Beitragvon hotteines » Sonntag 15. April 2018, 20:25

Hallo,

ich dachte, ich gebe mal ein Update, sind ja jetzt seit November einige Monate vergangen und ich habe anfangs immer mal wieder zwischen Trekker und Marakesh gewechselt. Optisch widerspricht der Trekker definitiv all dem, was ich über die korrekte Lage von Sätteln weiß, also er liegt auf der Schulter und für meinen Geschmack optisch zu viel auf kleinem Pferd, wobei meins glücklicherweise die letzte Rippe sehr weit hinten hat. Aber Frau Pferd garstet sogut wie gar nicht mehr beim Satteln, das gab es in den über 10 Jahren, die ich sie kenne, niemals. Und trotz Winterfell schubbert nix im hinteren Bereich der Decke. Das gabs auch noch bei keinem Sattel vorher. Also ich habe dann zwei Monate nur Trekker benutzt. Dann mal wieder probehalber Marakesh, das Beißen beim Satteln war wieder da und verstrubbeltes Fell am Satteldeckenende.
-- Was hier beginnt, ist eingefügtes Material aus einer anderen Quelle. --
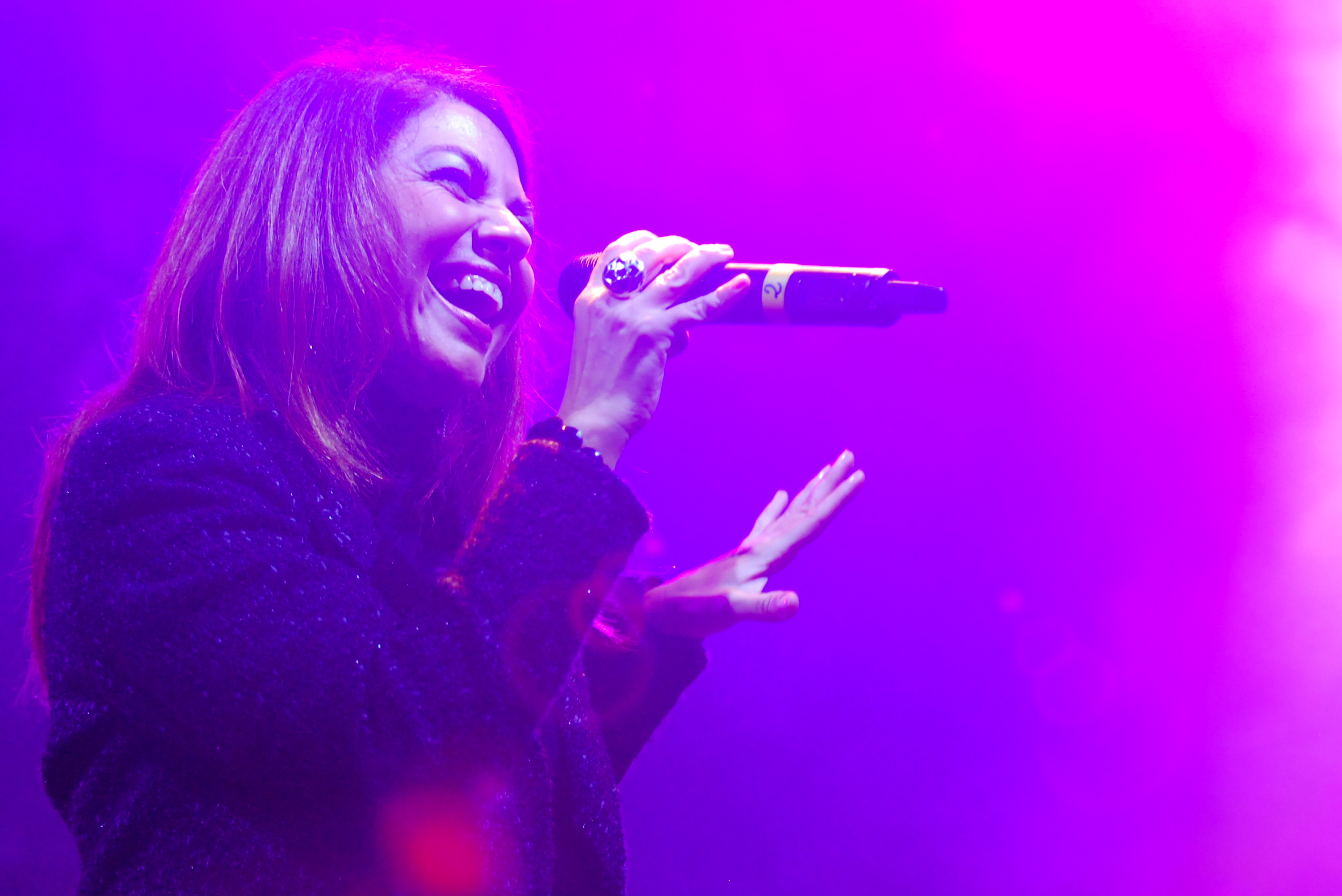 Cristina D'Avena at Lucca Comics & Games 2011

Alles in Allem kann ich es nach wie vor nicht glauben und behalte den Marakesh weiterhin im Keller, aber ich bin wirklich glücklich, dass ich scheinbar ein Trekker-Modell gefunden habe, was für uns die Wollmilchsau ist. Aus der Erfahrung mit mehreren Trekker-Testen kann ich auch sagen, dass sie meiner Meinung nach alle einen Ticken unterschiedlich sind. Also ruhig mal durchprobieren. Ich habe sie bisher nie mit Verlust weiter verkauft.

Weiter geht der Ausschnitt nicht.